# Data for processing
::::

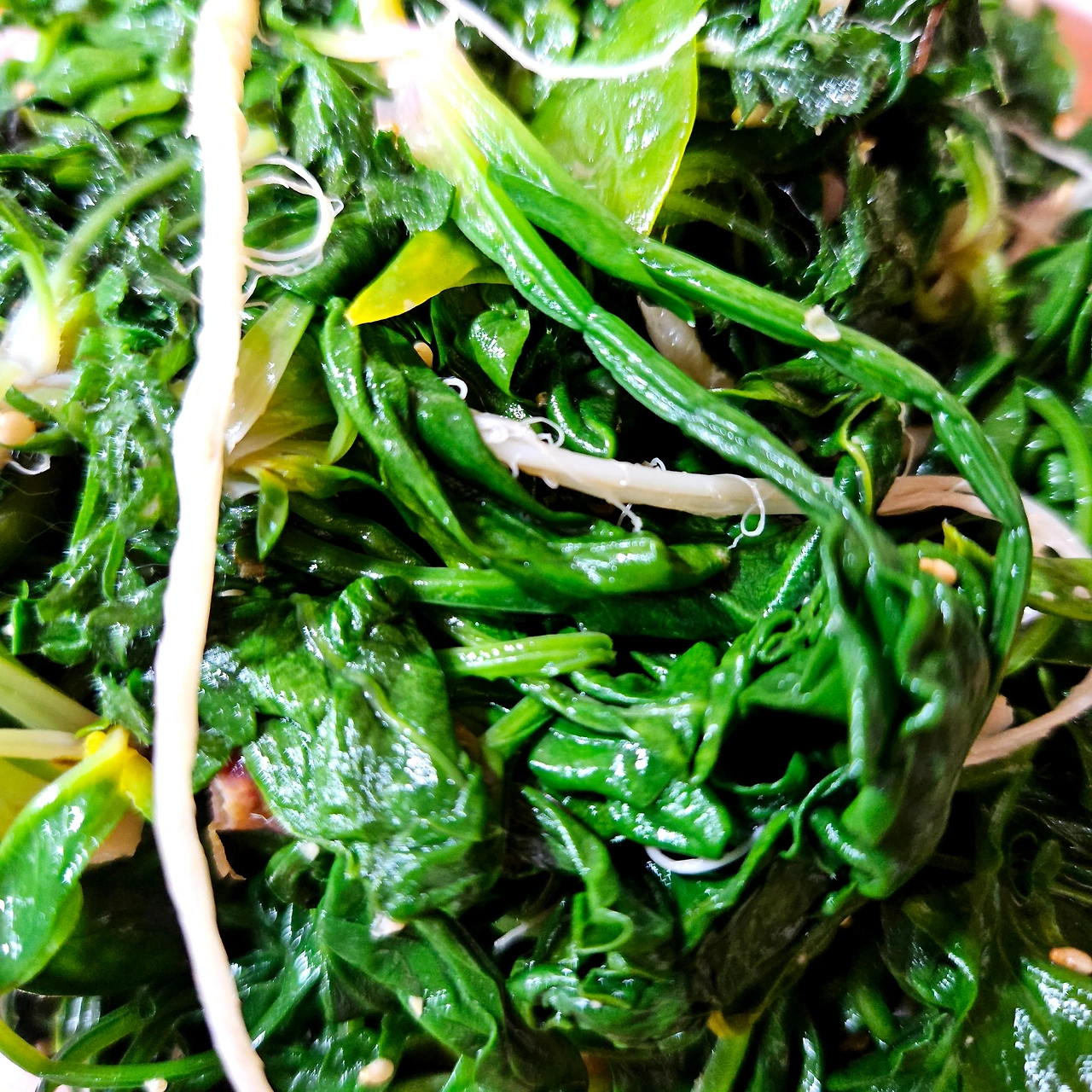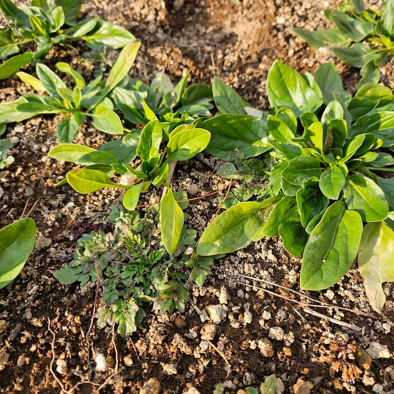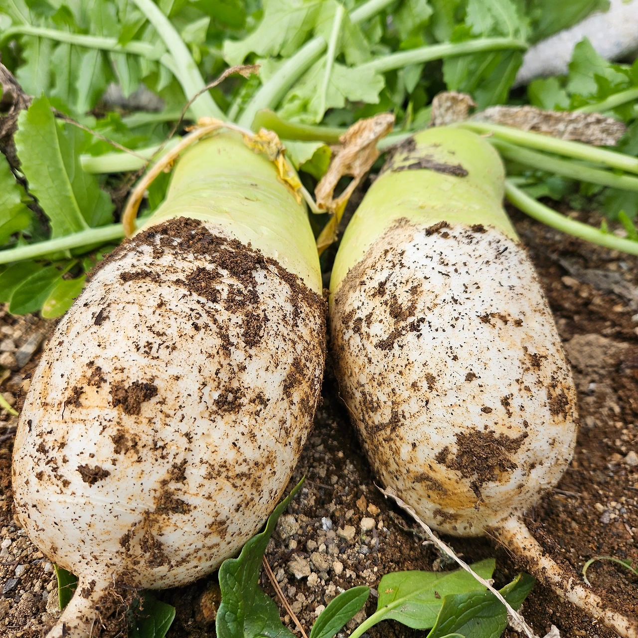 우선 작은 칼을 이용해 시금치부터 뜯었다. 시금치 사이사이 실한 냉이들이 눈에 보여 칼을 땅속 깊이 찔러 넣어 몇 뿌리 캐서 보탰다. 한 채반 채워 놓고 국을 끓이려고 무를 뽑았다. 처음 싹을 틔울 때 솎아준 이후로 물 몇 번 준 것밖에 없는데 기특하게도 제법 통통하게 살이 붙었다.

::::

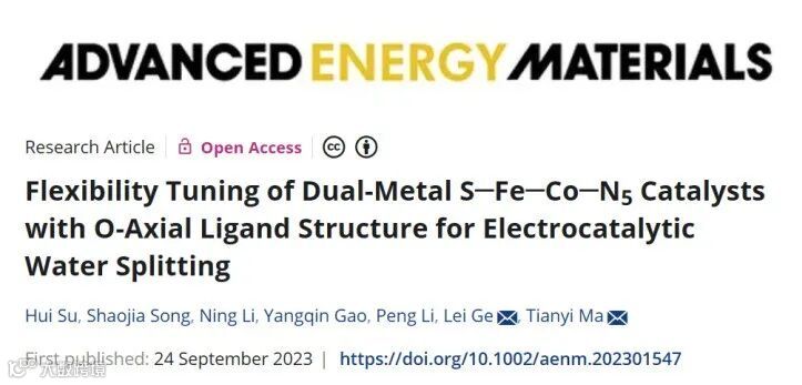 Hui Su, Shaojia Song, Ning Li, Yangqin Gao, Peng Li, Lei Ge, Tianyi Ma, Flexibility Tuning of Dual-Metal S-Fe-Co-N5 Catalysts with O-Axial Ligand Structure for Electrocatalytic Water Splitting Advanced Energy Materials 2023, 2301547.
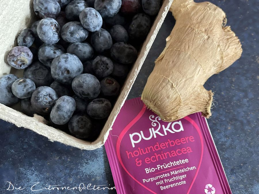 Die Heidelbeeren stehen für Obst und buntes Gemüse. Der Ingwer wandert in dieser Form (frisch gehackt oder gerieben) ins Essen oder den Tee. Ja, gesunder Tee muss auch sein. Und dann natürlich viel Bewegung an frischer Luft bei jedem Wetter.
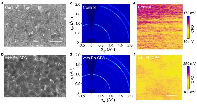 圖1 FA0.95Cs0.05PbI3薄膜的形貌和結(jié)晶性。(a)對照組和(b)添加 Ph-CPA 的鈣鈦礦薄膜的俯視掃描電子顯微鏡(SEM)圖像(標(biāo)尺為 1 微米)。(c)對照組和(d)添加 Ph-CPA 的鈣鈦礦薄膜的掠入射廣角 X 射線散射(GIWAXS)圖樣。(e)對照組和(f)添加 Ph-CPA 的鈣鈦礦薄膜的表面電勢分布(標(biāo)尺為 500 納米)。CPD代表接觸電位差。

::::

# What you have to do
Out of the records above, set down only the lines from the one that contains "Die Heidelbeeren stehen" through the one that contains "圖1 FA0.95Cs0.05PbI3薄膜的形貌和結(jié)晶性。(a)對照組和(b)添加 Ph-CPA", unchanged and without the pictures.

# Finished task
 Die Heidelbeeren stehen für Obst und buntes Gemüse. Der Ingwer wandert in dieser Form (frisch gehackt oder gerieben) ins Essen oder den Tee. Ja, gesunder Tee muss auch sein. Und dann natürlich viel Bewegung an frischer Luft bei jedem Wetter.
 圖1 FA0.95Cs0.05PbI3薄膜的形貌和結(jié)晶性。(a)對照組和(b)添加 Ph-CPA 的鈣鈦礦薄膜的俯視掃描電子顯微鏡(SEM)圖像(標(biāo)尺為 1 微米)。(c)對照組和(d)添加 Ph-CPA 的鈣鈦礦薄膜的掠入射廣角 X 射線散射(GIWAXS)圖樣。(e)對照組和(f)添加 Ph-CPA 的鈣鈦礦薄膜的表面電勢分布(標(biāo)尺為 500 納米)。CPD代表接觸電位差。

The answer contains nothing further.